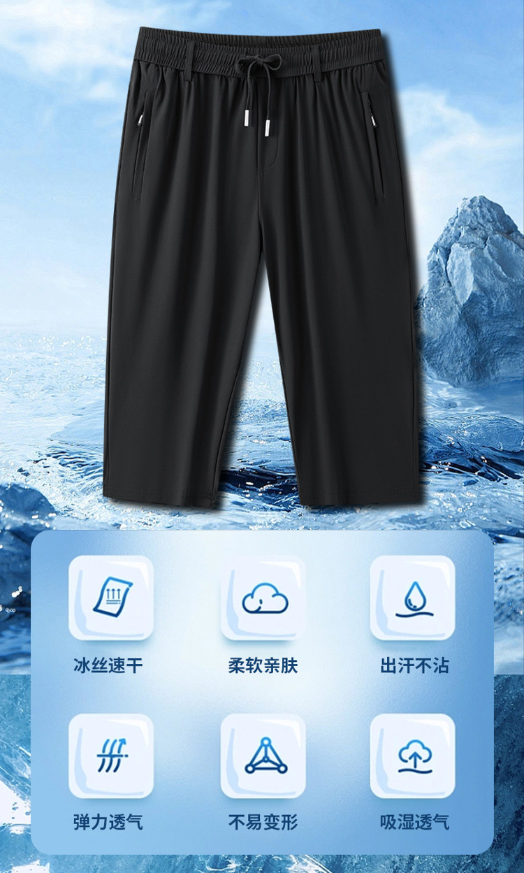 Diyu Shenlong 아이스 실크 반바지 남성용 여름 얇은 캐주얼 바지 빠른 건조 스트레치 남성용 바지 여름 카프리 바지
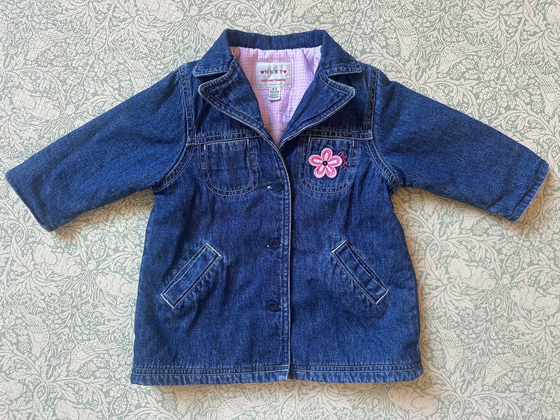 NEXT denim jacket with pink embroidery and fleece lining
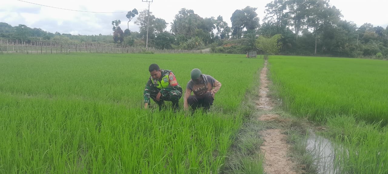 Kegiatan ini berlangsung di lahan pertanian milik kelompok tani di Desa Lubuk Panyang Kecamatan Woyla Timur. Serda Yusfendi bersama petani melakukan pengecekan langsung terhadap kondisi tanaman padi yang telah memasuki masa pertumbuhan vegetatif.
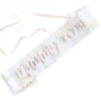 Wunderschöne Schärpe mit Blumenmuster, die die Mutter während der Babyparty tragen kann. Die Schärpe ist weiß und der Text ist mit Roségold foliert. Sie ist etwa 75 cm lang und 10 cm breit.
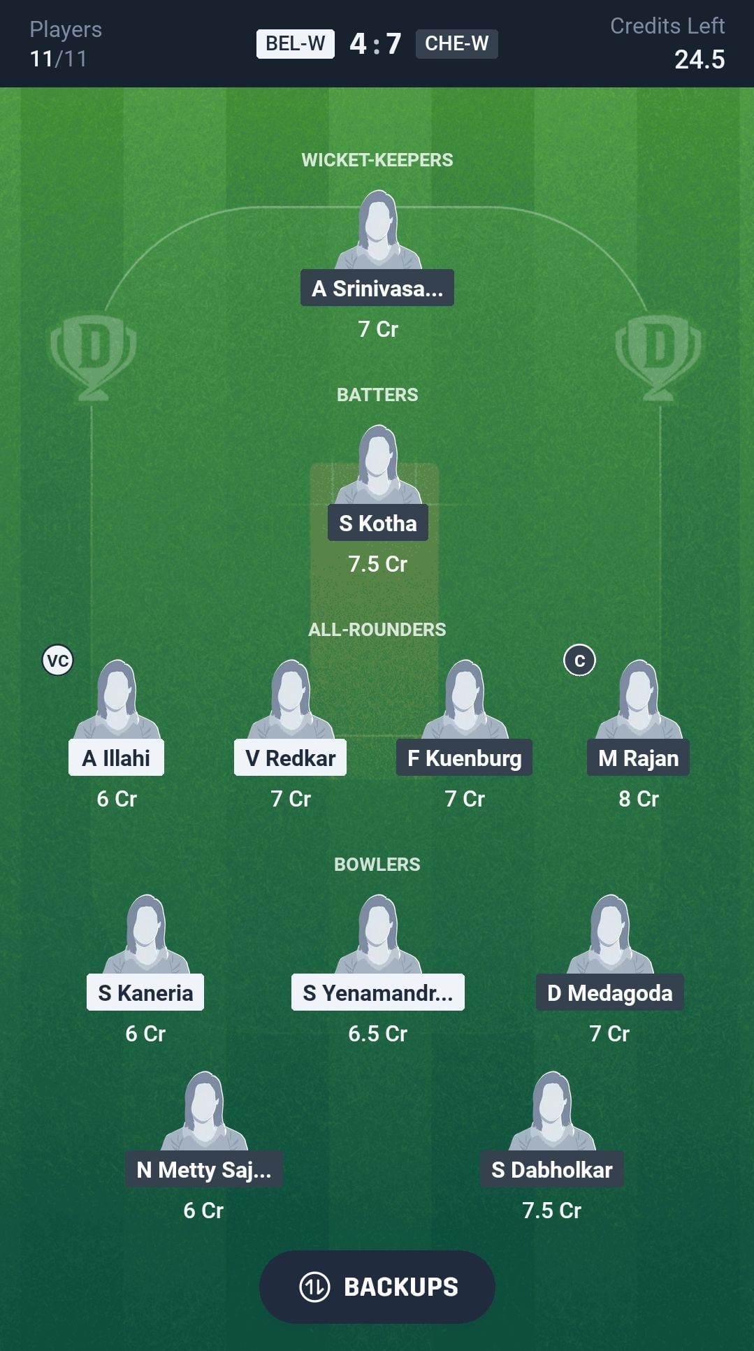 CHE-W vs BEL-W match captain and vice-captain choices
########
TRY IT -
From the line containing "NEXT denim jacket" to the last line of the listing above, transcribe each line exactly, skipping the pictures.

RESPONSE AREA -
 NEXT denim jacket with pink embroidery and fleece lining
 Kegiatan ini berlangsung di lahan pertanian milik kelompok tani di Desa Lubuk Panyang Kecamatan Woyla Timur. Serda Yusfendi bersama petani melakukan pengecekan langsung terhadap kondisi tanaman padi yang telah memasuki masa pertumbuhan vegetatif.
 Wunderschöne Schärpe mit Blumenmuster, die die Mutter während der Babyparty tragen kann. Die Schärpe ist weiß und der Text ist mit Roségold foliert. Sie ist etwa 75 cm lang und 10 cm breit.
 CHE-W vs BEL-W match captain and vice-captain choices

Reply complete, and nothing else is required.